Every line in the data below from the one containing "Picture of Playfair's" down to the one containing "Town hall, Torrelaguna, Madrid, Spain", both included, must be retyped exactly; no other line is to appear.

▸ **RAW DATA**
==============================

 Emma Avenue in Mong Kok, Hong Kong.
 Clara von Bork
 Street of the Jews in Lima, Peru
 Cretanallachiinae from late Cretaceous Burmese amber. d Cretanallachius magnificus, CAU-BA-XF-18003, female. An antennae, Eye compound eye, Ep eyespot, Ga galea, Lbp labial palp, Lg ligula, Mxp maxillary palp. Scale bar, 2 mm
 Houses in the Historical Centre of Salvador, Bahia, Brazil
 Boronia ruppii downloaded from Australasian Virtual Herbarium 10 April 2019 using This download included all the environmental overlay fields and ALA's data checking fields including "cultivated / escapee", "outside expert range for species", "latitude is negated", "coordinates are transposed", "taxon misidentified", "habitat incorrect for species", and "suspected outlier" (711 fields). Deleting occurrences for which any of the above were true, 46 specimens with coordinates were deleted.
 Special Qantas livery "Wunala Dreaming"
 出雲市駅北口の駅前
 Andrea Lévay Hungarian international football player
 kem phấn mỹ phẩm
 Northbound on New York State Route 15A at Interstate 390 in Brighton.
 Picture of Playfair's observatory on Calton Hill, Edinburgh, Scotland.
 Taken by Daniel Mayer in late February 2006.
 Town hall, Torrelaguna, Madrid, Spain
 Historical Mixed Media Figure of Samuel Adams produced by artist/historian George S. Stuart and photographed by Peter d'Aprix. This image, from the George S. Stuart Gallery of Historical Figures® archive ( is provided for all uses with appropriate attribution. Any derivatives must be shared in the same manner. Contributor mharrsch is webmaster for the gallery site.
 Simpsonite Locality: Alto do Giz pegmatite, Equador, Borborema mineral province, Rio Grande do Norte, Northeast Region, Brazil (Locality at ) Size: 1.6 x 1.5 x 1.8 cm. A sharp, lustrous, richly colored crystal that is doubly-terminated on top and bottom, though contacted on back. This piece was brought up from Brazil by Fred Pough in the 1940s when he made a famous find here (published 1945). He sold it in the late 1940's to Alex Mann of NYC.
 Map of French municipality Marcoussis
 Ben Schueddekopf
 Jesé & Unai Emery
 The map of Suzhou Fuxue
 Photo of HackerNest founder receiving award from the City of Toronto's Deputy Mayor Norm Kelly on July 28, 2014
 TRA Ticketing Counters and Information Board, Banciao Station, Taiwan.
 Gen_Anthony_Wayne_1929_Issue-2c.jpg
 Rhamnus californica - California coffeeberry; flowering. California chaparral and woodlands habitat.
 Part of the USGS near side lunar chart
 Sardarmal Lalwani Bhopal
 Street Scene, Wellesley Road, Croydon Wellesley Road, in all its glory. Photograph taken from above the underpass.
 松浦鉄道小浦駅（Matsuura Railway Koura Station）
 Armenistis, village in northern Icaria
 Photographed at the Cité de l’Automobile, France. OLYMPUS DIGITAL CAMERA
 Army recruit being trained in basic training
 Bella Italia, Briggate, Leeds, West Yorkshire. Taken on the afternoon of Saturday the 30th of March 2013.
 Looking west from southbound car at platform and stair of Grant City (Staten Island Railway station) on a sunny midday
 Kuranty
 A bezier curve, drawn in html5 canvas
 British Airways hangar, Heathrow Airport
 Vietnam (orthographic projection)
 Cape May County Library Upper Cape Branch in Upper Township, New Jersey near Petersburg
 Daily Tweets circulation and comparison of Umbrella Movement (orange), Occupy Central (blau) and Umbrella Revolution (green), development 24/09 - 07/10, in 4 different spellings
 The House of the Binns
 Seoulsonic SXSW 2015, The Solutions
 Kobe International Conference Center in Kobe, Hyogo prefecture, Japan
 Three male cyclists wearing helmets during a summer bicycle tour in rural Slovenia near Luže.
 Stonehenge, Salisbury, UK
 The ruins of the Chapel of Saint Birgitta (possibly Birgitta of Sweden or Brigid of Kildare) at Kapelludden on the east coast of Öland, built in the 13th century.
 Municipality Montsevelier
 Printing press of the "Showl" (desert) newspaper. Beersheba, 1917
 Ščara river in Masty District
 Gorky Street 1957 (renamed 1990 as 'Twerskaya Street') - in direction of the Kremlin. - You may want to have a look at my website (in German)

==============================

▸ **RESPONSE FOR THIS EXERCISE**
 Picture of Playfair's observatory on Calton Hill, Edinburgh, Scotland.
 Taken by Daniel Mayer in late February 2006.
 Town hall, Torrelaguna, Madrid, Spain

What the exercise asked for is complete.